Interestingly, little of the umbrage taken by Trump supporters have focused on this question.  The defenders seem instead to fall into one of two camps: those that argue that there was no explicit quid pro quo, and those that argue that even if there was, it is not a breach that is of sufficient gravity to justify removal from office.  It seems that even Trump’s staunchest supporters are conceding that the requested announcement by Zelensky of enquiries into the activities of the Bidens and allegations of Ukrainian involvement in the hack of the DNC servers in 2016 would offer no material benefit to the US people.  No wonder. The 2016 hack has already been the subject of the Mueller report which concluded that it had been engineered by Russian malefactors, and if there was to be an investigation of Joe Biden’s role in his son Hunter obtaining a lucrative appointment to the Board of Ukrainian energy company Burisma, it could and should be carried out by the US Justice Department, who is reported to have already reviewed the matter and concluded that it warranted no further action.

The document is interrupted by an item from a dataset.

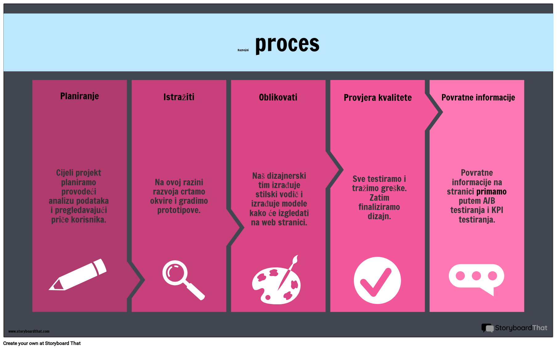 Cijeli projekt planiramo provodeći analizu podataka i pregledavajući priče korisnika. Na ovoj razini razvoja crtamo okvire i gradimo prototipove. Naš dizajnerski tim izrađuje stilski vodič i izrađuje modele kako će izgledati na web stranici. Sve testiramo i tražimo greške. Zatim finaliziramo dizajn. Povratne informacije na stranici primamo putem A/B testiranja i KPI testiranja.

So the defence of Trump falls to the argument that this naked exercise of corruption is not of sufficient materiality to merit removal from office.  Given that the comparable unsolicited attempt by Russian-based actors to influence the US political process in 2016 was deemed sufficiently material to merit a Department of Justice investigation, it is difficult to see how anyone could conclude that an attempt by a sitting President to solicit such interference could be anything other than gravely material.  But is it sufficient grounds for removal from office?

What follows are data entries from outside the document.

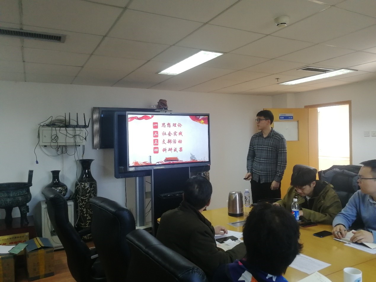 为了公开、透明的做好入党积极分子的培养、考察和发展工作,支部组织入党积极分子进行思想政治和工作汇报,并由全体党员进行打分,以作为发展入党积极分子的参考依据。刘嫄、齐心竹、胡毓群、柳锦楠、朱一鑫等五名入党积极分子分别从思想觉悟、支部活动、社会实践、科研成绩四个方面向组织汇报了自己作为入党积极分子以来的思想、工作等情况。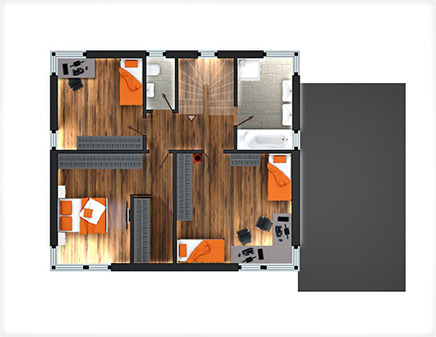 Dům nabídne pohodlné bydlení až pětičlenné rodině. Oblíbený bude jistě společný obývací prostor ve tvaru L s velkou kuchyní. V podkoroví se nacházejí prostorné dětské pokoje, nadstandardně velká ložnice rodičů a studio, vhodné jako další ložnice nebo pro práci z domova. Výhodou je také integrovaná garáž.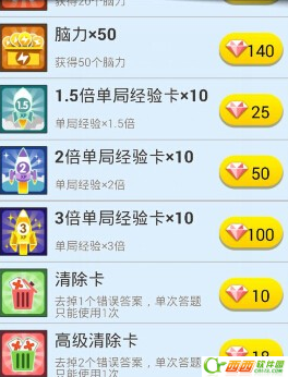 脑力达人作为一款问答类型游戏,如果完全是钻石买答案的话其实游戏乐趣就会少很多,而中的道具主要是1.5倍经验卡、2倍3倍单局经验卡、清除卡,经验卡可以再我们单局结算的时候增加经验,而经验是我们账号等级的基础,清除卡可以去掉错误答案,让玩家在考虑过后还能学到少量的冷知识。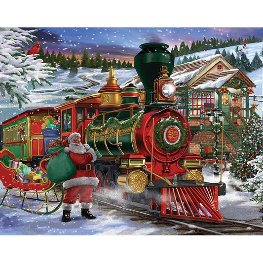 Santa Express Black Modern Wood Framed Art Print with Double Matting by Bigelow Illustrations- Exclusive

Removal from office by impeachment is permitted under the US Constitution for “treason, bribery and other high crimes and misdemeanours”.  These terms are not further defined, and there have been no removals from office by impeachment to provide any precedents to further clarify what constitutes an impeachable offence.  Nonetheless, constitutional scholars generally agree that a betrayal of the “public trust” is what characterizes grounds for impeachment.  And what trust did the US public place in Donald Trump?  He is coarse and corrupt in all things, both intentionally and inadvertently, and has always been so.  It is not unreasonable to argue that his conduct in his dealing with Ukraine, like all of his questionable conduct to date, is not outside of what the electorate could reasonably have expected of him when they elected him.  The public, one could argue, had no reasonable basis to trust that the would behave otherwise.

Whether they are explicit in acknowledging it or not, I suspect that this will be justification that Senate Republicans cling to when they ultimately and inevitably acquit President Trump.  A small price to pay to make America great again.